> [How to complete this task]: Without the pictures, repeat the listing character for character.

> [Collected material]:

——

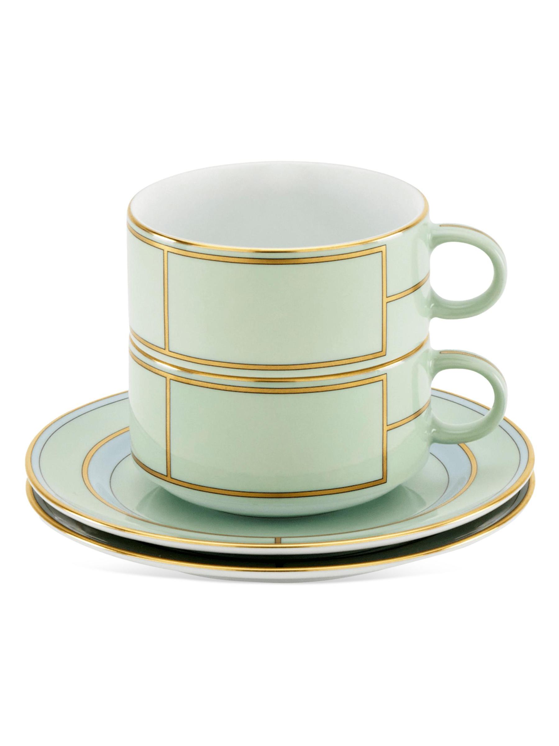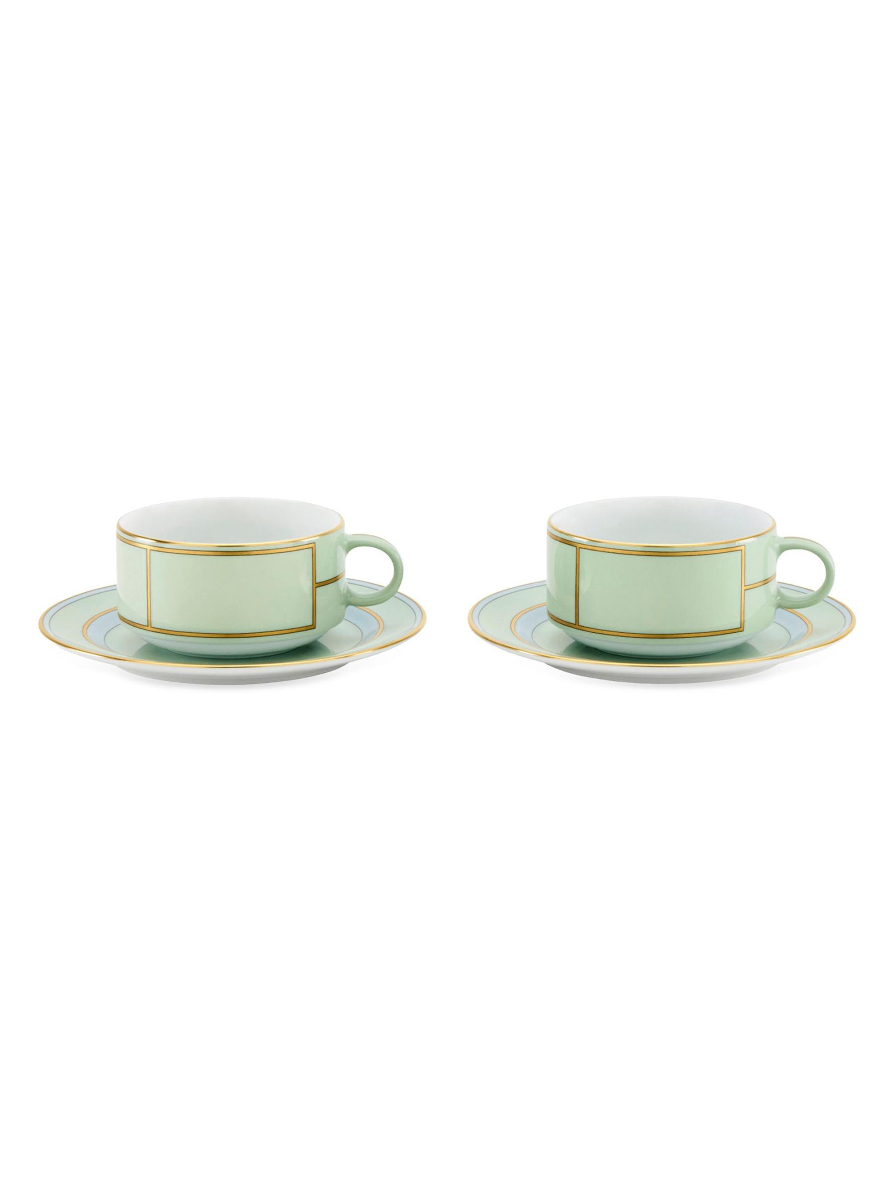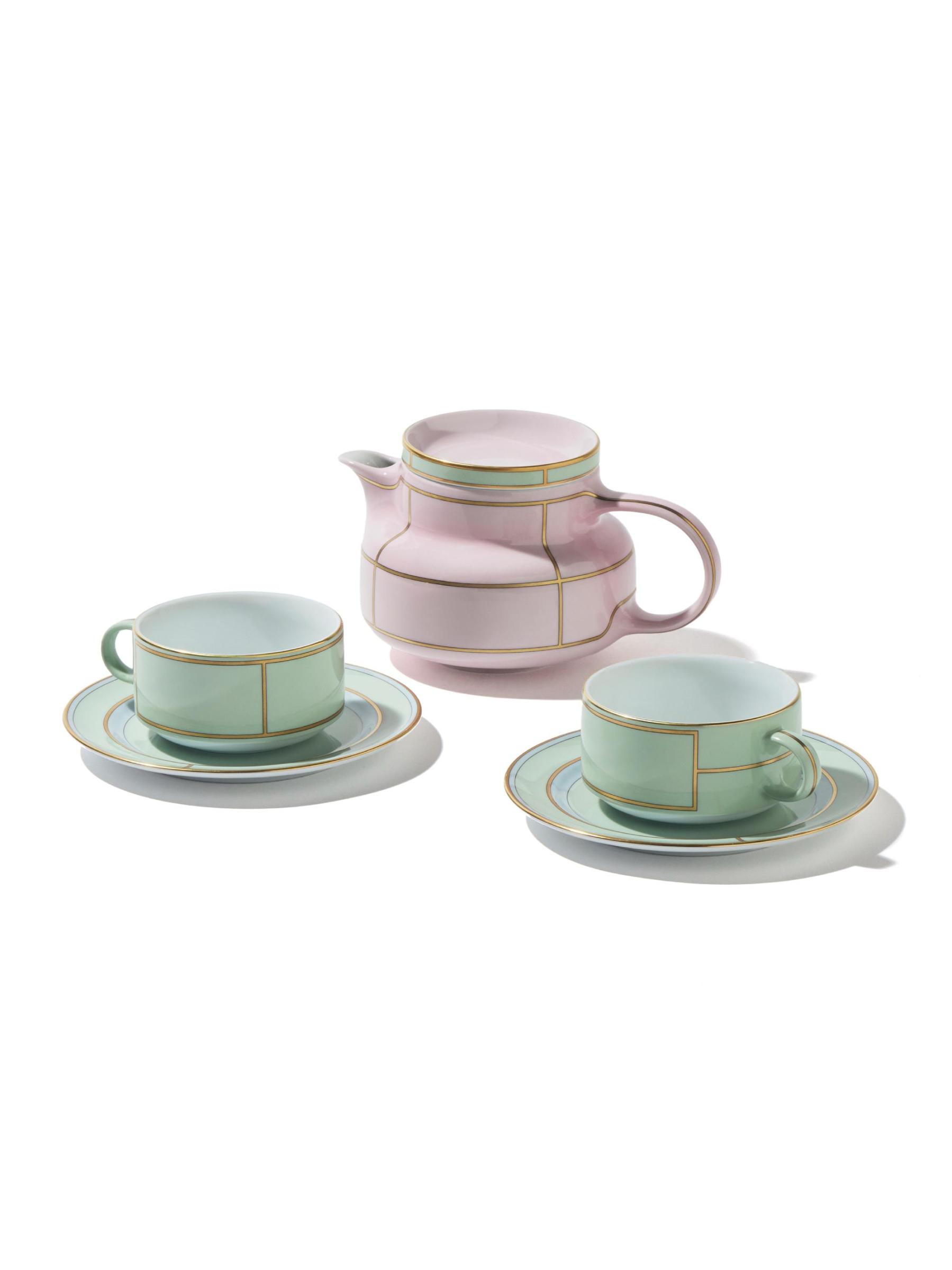 من مجموعة Diva. تشتمل مجموعة شاي Ginori 1735 على كوبين وصحون من البورسلين يتميزان بزخارف الباستيل المزخرفة بخيوط ذهبية معقدة، والتي تجسد شكل الكولونا الأيقوني من تصميم جيوفاني غاريبولدي المعروف بأناقته العملية منذ منتصف القرن العشرين.
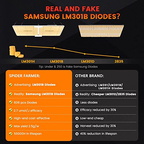 - 【TOP NOTCH QUALITY LED GROW LIGHT】: Use Samsung LM301B diodes; full spectrum light ideal for all stages of growth; adjustable light intensity with dimmer switch; protective coating on LEDs helps extend the lifespan; no fan, zero noise. Only consumes 200w, running 50% less power than the HPS or Blurple lamps. This light delivers a powerful light output and uniform canopy penetration resulting in maximum yields.
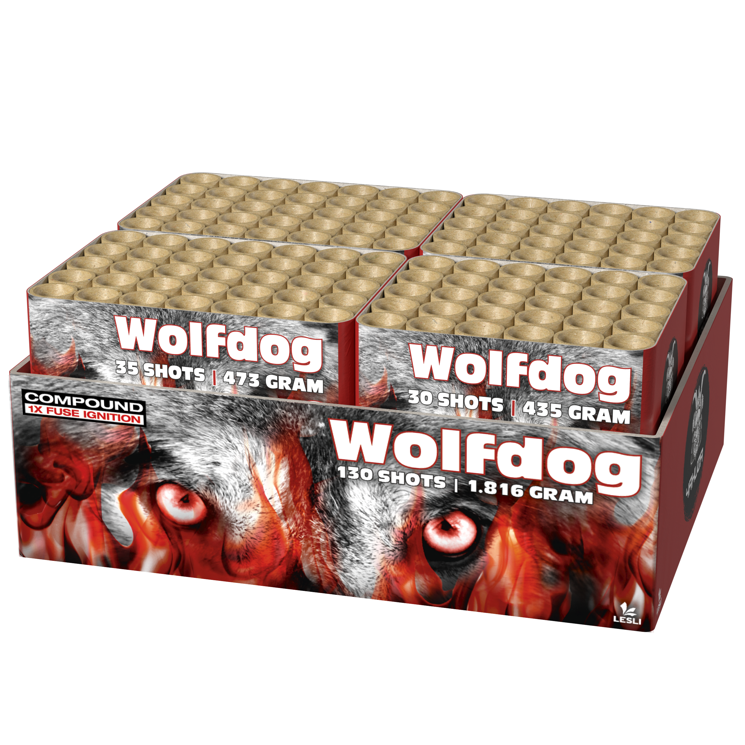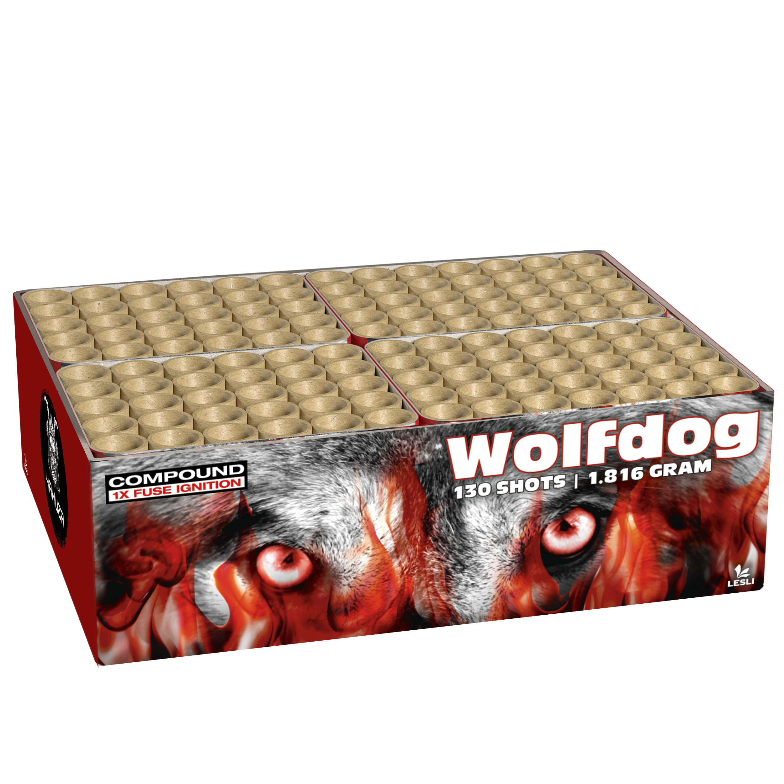 Wolfdog – 130 Schuss pures Feuerwerk-Chaos mit nur einer Zündung. 1816 g Effektkraft, perfekt für Shows mit Tempo, Power und Finale.

——

> [Output of the task]:
 من مجموعة Diva. تشتمل مجموعة شاي Ginori 1735 على كوبين وصحون من البورسلين يتميزان بزخارف الباستيل المزخرفة بخيوط ذهبية معقدة، والتي تجسد شكل الكولونا الأيقوني من تصميم جيوفاني غاريبولدي المعروف بأناقته العملية منذ منتصف القرن العشرين.
 - 【TOP NOTCH QUALITY LED GROW LIGHT】: Use Samsung LM301B diodes; full spectrum light ideal for all stages of growth; adjustable light intensity with dimmer switch; protective coating on LEDs helps extend the lifespan; no fan, zero noise. Only consumes 200w, running 50% less power than the HPS or Blurple lamps. This light delivers a powerful light output and uniform canopy penetration resulting in maximum yields.
 Wolfdog – 130 Schuss pures Feuerwerk-Chaos mit nur einer Zündung. 1816 g Effektkraft, perfekt für Shows mit Tempo, Power und Finale.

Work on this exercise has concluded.